How the Boogeyman Became a Poet

by Tony Keith Jr.
performed by the Author

Katherine Tegen Books, 2024. 5 hours, 4 minutes.
Review written February 4, 2025, from a library eaudiobook.
Starred Review
2025 Odyssey Award Winner, Young Adult

I try to listen to all Odyssey Award winners and honor books, because they’re specifically given for the best audiobooks, and the quality is always outstanding. This book was no exception.

How the Boogeyman Became a Poet is a memoir from a Black poet and spoken word artist about his years in high school and starting college when he was coming to terms in his own heart and mind with being gay.

And he tells the story himself, with many poems included and performed. There are sound effects adding to the production, and this is a powerful audiobook.

The story starts his senior year of high school. He’s missed deadlines to apply to college and is taking the SAT for the third time, but gets a chance to apply. He’s got a girlfriend, but somehow is never in the mood to “do business” with her, and he doesn’t dare tell anyone that he thinks he might be gay – that fear is a boogeyman that he sees in the mirror and hiding in his closet – but he works out a lot of his thinking and feeling by writing poems and playing with language.
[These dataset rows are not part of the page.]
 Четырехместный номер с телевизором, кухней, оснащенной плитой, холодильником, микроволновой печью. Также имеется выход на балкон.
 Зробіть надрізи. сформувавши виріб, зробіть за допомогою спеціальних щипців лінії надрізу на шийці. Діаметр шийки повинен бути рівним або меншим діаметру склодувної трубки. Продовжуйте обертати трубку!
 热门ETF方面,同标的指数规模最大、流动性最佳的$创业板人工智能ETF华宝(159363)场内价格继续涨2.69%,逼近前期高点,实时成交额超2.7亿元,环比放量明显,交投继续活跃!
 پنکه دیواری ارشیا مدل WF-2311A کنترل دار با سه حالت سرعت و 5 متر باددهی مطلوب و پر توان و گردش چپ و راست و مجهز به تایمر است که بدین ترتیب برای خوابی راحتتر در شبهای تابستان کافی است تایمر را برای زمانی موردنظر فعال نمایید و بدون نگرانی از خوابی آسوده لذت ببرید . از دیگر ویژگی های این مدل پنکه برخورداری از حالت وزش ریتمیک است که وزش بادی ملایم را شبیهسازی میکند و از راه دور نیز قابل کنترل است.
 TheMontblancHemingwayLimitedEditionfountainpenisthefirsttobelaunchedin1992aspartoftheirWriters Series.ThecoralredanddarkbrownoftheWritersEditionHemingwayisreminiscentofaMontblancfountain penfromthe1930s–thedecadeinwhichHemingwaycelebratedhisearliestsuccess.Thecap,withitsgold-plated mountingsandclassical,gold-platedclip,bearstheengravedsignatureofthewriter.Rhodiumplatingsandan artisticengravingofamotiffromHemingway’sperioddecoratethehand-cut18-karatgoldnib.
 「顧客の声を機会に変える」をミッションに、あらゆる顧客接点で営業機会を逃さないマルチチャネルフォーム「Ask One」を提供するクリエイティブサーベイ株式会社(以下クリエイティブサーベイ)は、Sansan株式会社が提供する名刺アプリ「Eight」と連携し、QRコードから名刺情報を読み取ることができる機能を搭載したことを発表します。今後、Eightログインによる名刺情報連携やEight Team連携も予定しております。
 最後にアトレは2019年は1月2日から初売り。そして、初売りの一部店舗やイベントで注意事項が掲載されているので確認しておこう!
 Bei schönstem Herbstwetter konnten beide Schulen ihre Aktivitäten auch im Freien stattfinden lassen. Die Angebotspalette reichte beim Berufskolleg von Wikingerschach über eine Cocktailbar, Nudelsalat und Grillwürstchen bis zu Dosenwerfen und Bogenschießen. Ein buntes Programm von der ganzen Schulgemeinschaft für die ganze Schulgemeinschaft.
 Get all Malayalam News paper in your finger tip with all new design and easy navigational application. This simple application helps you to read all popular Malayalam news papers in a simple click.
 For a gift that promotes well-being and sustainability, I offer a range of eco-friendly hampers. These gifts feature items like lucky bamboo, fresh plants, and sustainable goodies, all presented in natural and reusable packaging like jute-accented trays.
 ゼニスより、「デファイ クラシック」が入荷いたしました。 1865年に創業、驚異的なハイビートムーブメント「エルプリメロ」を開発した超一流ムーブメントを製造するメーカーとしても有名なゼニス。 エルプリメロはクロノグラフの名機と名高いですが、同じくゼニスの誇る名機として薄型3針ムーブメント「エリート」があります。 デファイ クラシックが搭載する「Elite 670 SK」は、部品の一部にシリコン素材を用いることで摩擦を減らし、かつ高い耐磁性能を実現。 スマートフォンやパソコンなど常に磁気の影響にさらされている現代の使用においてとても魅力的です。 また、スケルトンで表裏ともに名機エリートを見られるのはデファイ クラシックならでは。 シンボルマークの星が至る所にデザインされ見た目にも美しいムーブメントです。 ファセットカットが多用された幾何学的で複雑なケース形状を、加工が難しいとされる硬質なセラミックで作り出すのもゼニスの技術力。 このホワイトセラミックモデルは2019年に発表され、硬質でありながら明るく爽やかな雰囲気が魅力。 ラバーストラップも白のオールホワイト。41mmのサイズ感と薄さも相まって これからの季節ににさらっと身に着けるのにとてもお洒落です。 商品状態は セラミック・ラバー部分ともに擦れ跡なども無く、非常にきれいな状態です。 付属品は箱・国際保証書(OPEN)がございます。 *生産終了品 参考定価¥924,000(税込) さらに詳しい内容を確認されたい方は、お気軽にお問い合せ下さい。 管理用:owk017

He was known as a poet in high school, writing love poems for his friends to give to their girlfriends on Valentine’s Day to make a little money, and performing in the student talent show. In college, he found that open mic nights with all their acceptance were better for him than competitive poetry slams. But always, poetry was where he turned with his feelings that he didn’t always understand.

I think my favorite poem was about the joy he got out of singing in youth choir. Yes! It’s a lovely expression of what singing in a choir can be. Unfortunately, it was also at church that he was taught that being gay would send him to hell, and why he resisted so hard admitting what was going on inside.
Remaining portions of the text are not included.